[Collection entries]

════════════════

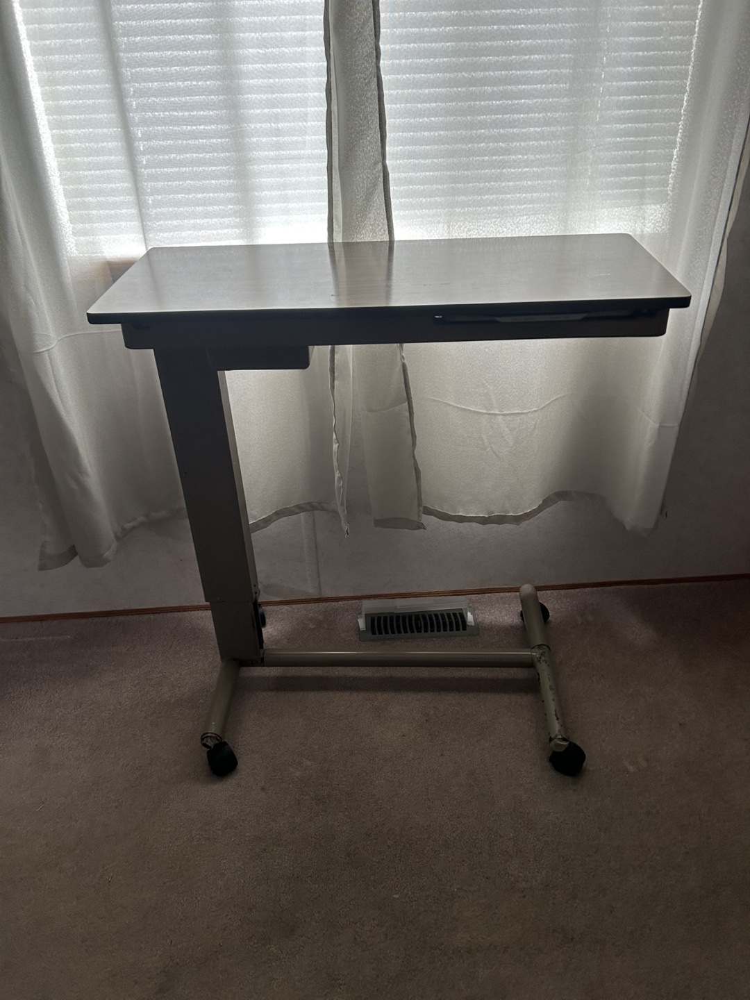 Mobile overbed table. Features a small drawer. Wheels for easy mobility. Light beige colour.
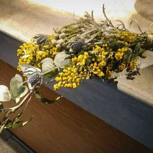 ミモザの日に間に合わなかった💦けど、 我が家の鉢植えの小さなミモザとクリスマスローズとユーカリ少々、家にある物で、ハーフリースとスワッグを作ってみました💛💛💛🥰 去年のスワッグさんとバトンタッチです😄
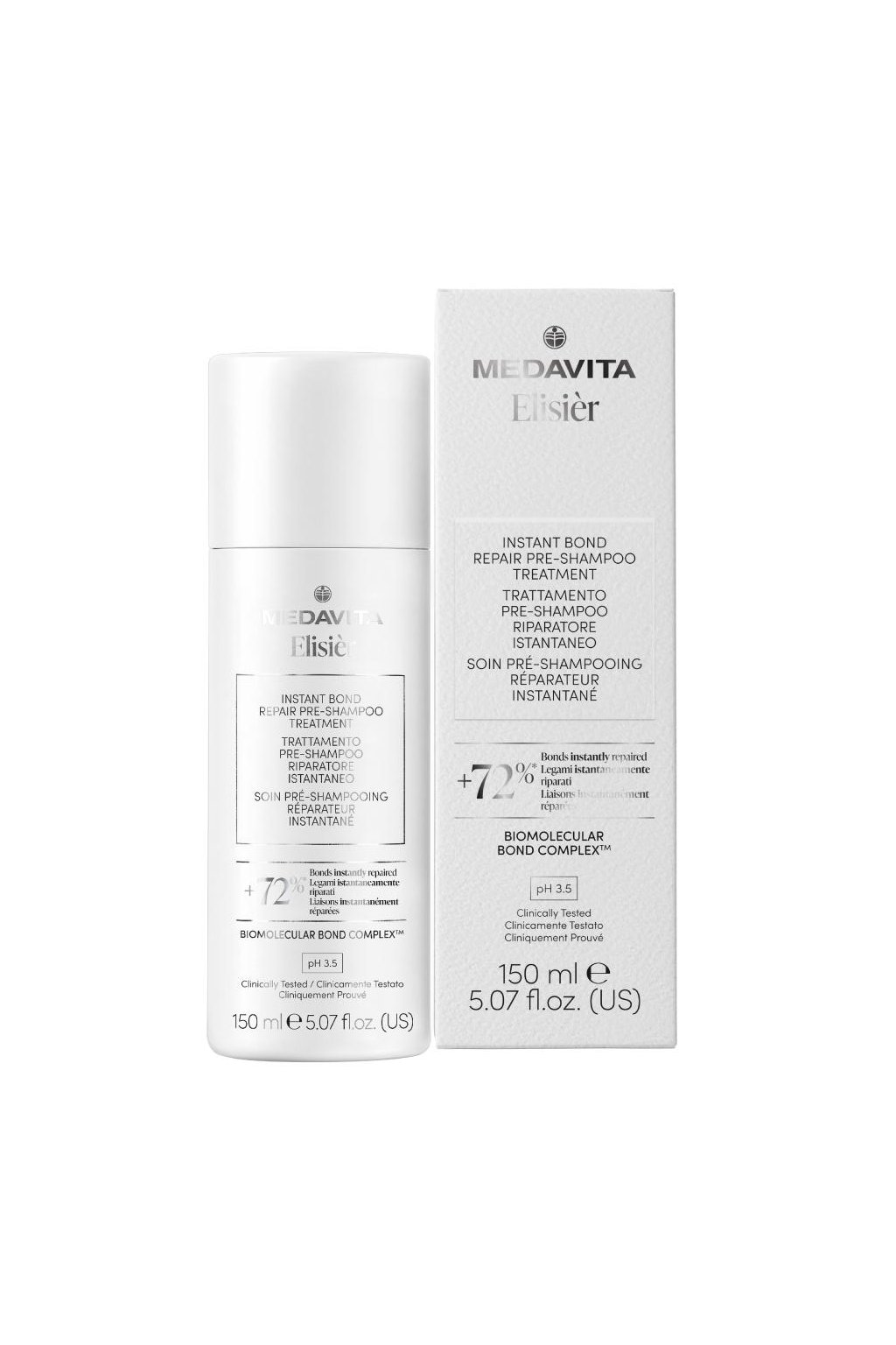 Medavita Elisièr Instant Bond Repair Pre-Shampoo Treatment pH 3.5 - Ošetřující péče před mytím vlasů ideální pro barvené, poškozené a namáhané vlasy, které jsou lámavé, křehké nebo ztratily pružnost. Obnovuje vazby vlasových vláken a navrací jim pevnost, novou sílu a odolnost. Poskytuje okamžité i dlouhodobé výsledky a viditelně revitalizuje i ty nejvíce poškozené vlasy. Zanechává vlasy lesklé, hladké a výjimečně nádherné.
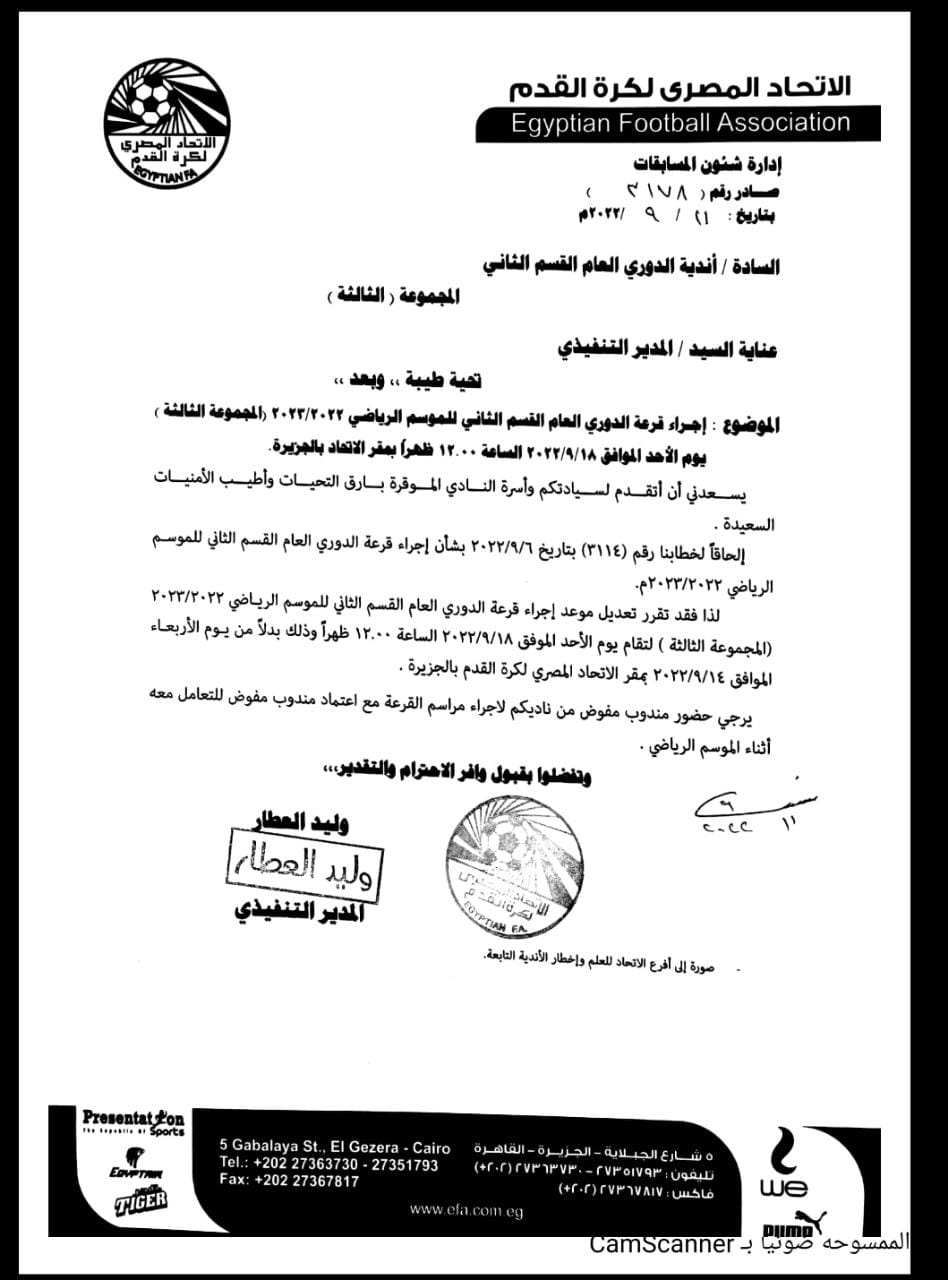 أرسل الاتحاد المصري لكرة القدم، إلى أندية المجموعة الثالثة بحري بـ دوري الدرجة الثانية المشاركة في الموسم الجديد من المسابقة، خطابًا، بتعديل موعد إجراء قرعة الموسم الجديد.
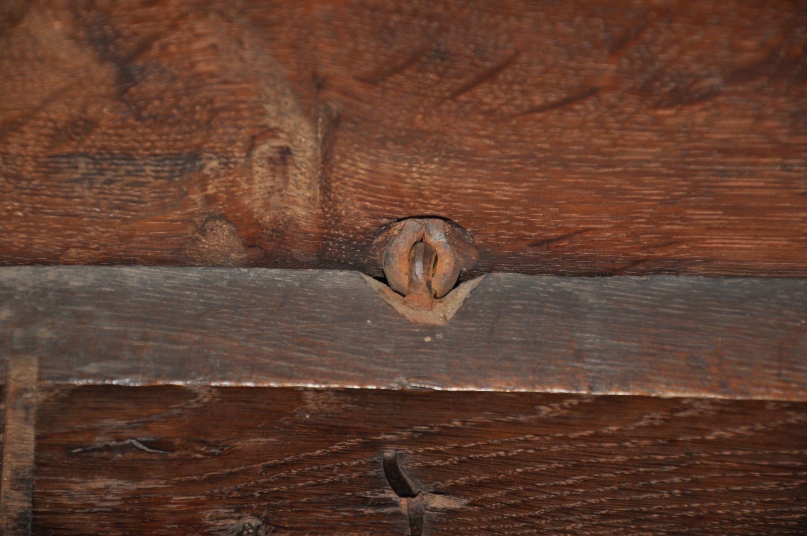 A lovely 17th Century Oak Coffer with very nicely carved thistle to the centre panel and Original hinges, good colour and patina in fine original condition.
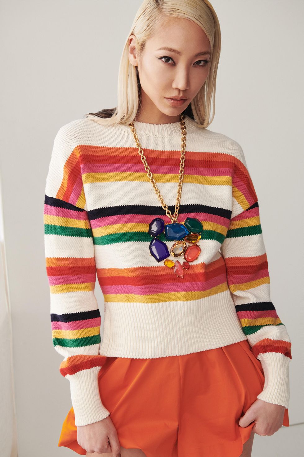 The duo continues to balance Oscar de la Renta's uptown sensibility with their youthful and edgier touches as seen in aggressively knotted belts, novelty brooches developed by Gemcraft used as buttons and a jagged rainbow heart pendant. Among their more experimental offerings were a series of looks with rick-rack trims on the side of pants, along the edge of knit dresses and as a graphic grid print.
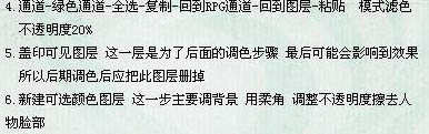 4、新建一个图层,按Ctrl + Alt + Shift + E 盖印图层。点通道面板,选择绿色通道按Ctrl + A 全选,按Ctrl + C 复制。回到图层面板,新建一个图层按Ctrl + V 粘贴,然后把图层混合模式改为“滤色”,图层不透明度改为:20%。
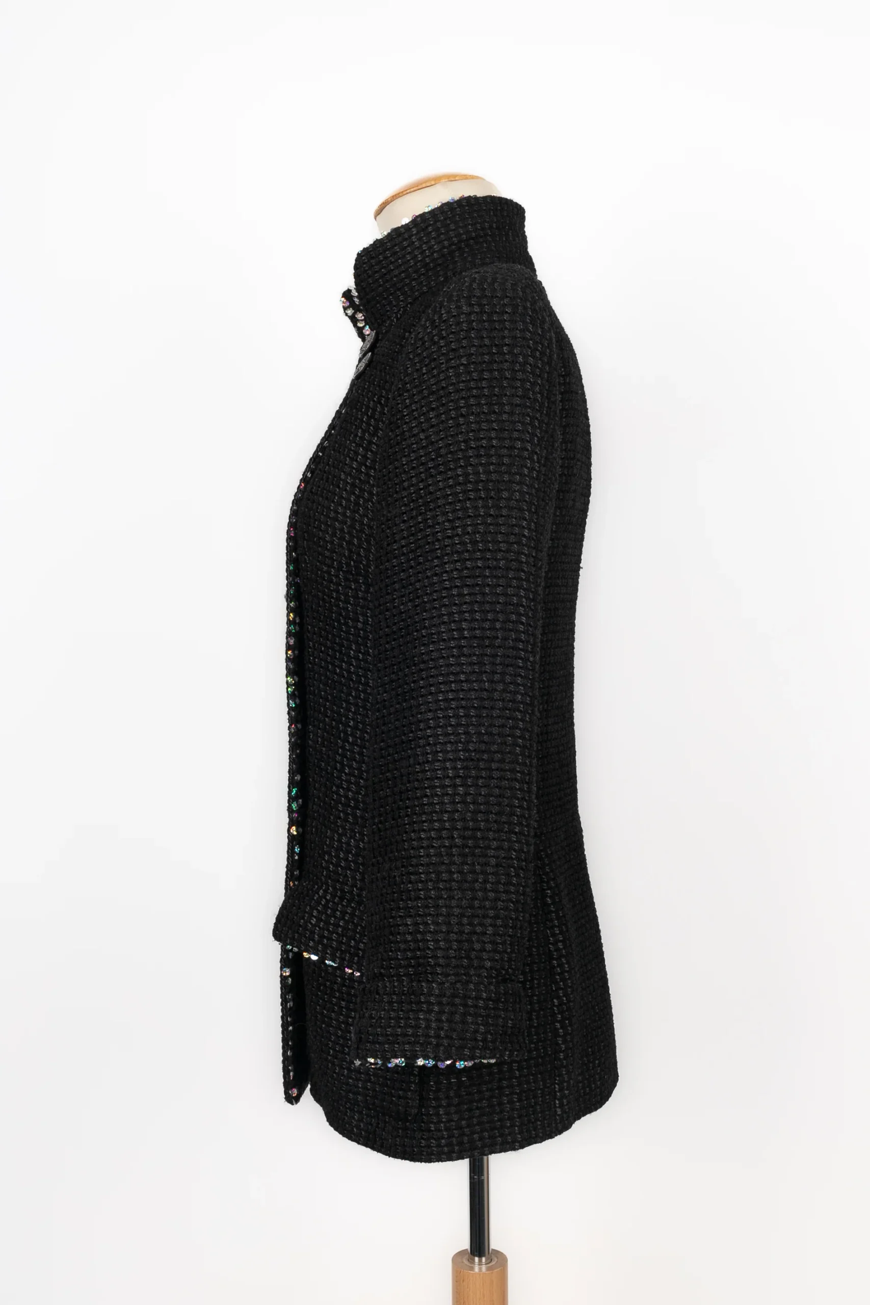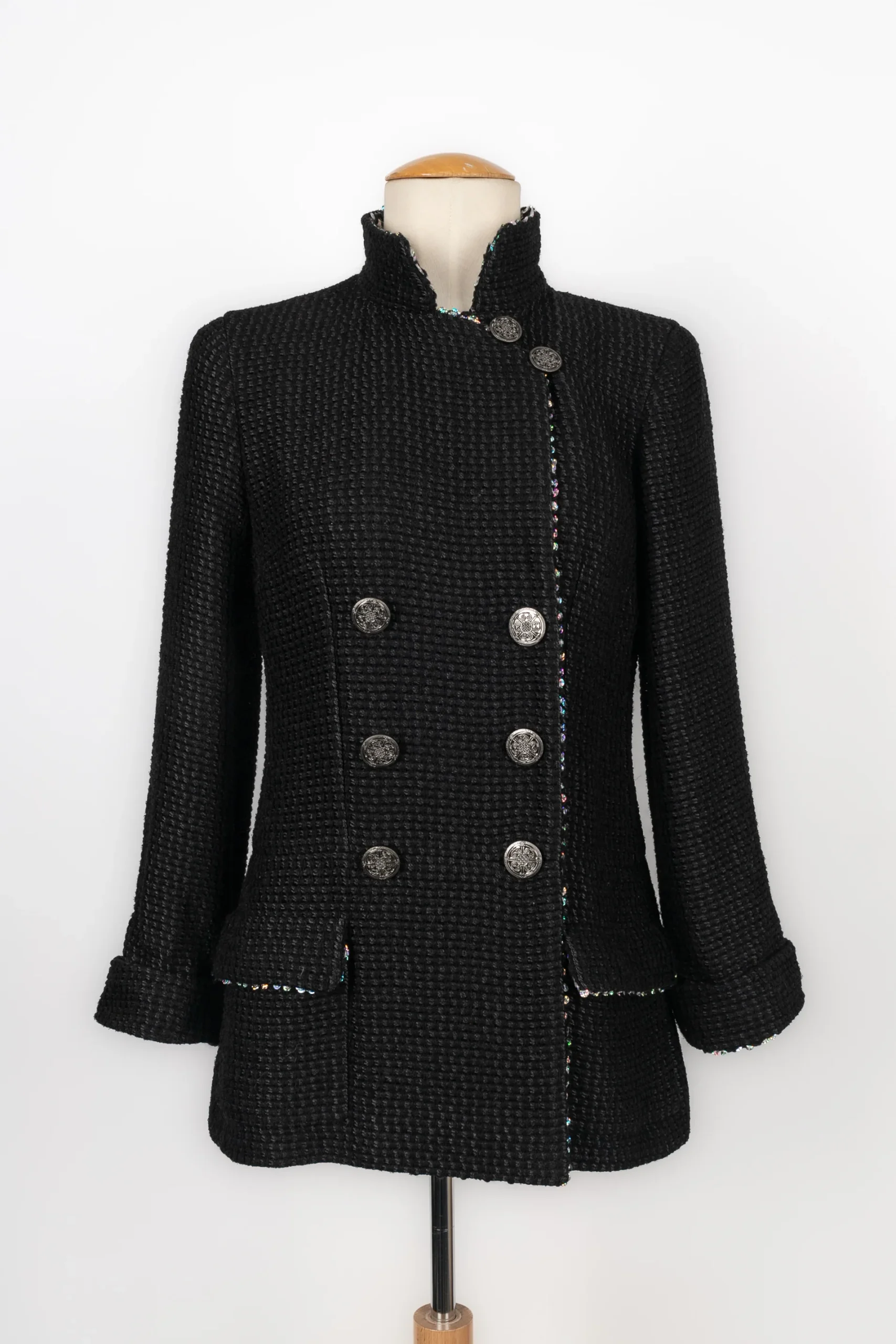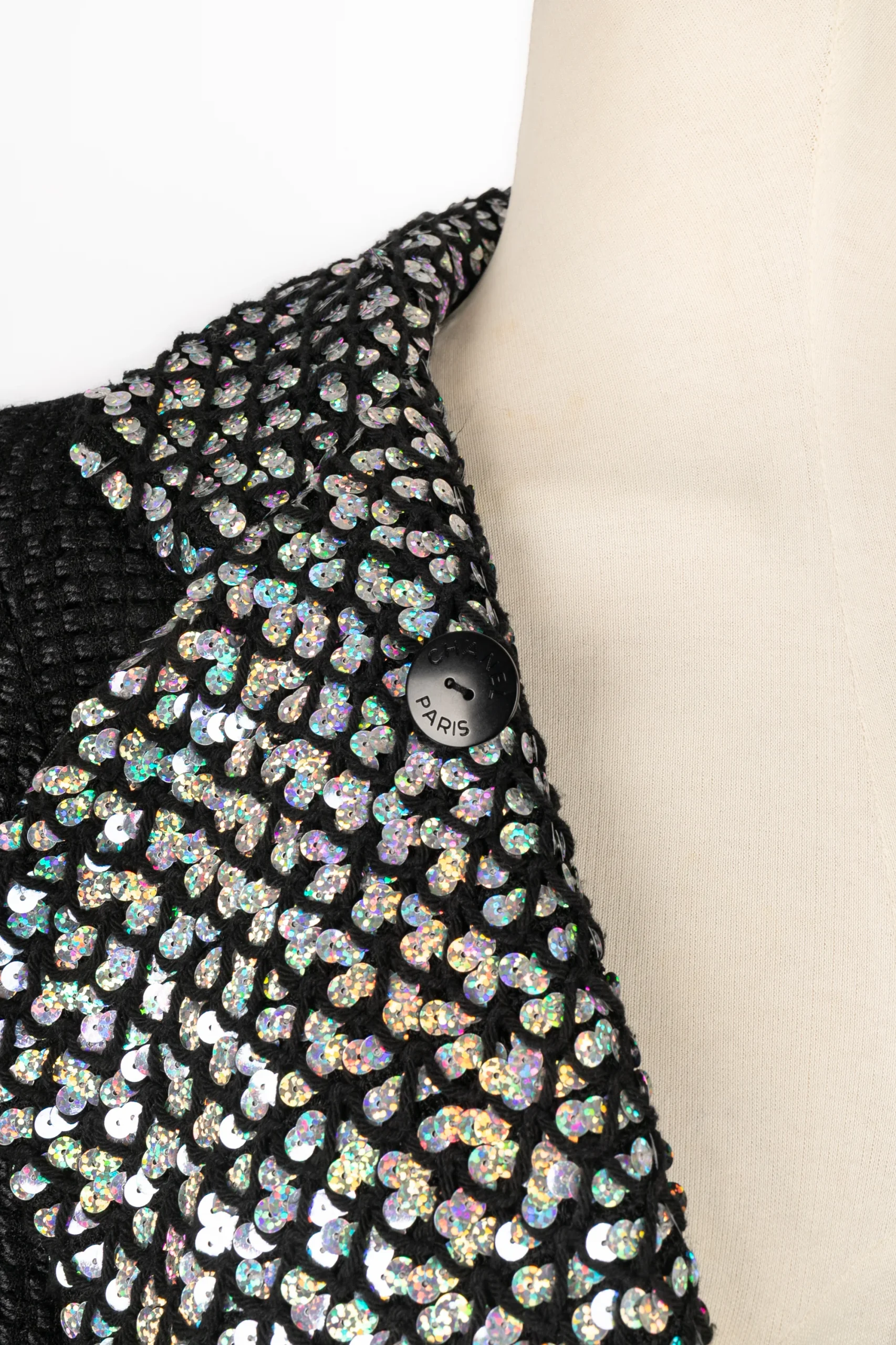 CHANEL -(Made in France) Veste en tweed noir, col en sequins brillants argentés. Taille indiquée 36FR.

════════════════

▸ **YOUR OBJECTIVE**
Write out the lines that run from the line containing "The duo continues" to the end of the entries, inclusive, exactly as written. Skip every picture.

▸ **ANSWER SECTION**
 The duo continues to balance Oscar de la Renta's uptown sensibility with their youthful and edgier touches as seen in aggressively knotted belts, novelty brooches developed by Gemcraft used as buttons and a jagged rainbow heart pendant. Among their more experimental offerings were a series of looks with rick-rack trims on the side of pants, along the edge of knit dresses and as a graphic grid print.
 4、新建一个图层,按Ctrl + Alt + Shift + E 盖印图层。点通道面板,选择绿色通道按Ctrl + A 全选,按Ctrl + C 复制。回到图层面板,新建一个图层按Ctrl + V 粘贴,然后把图层混合模式改为“滤色”,图层不透明度改为:20%。
 CHANEL -(Made in France) Veste en tweed noir, col en sequins brillants argentés. Taille indiquée 36FR.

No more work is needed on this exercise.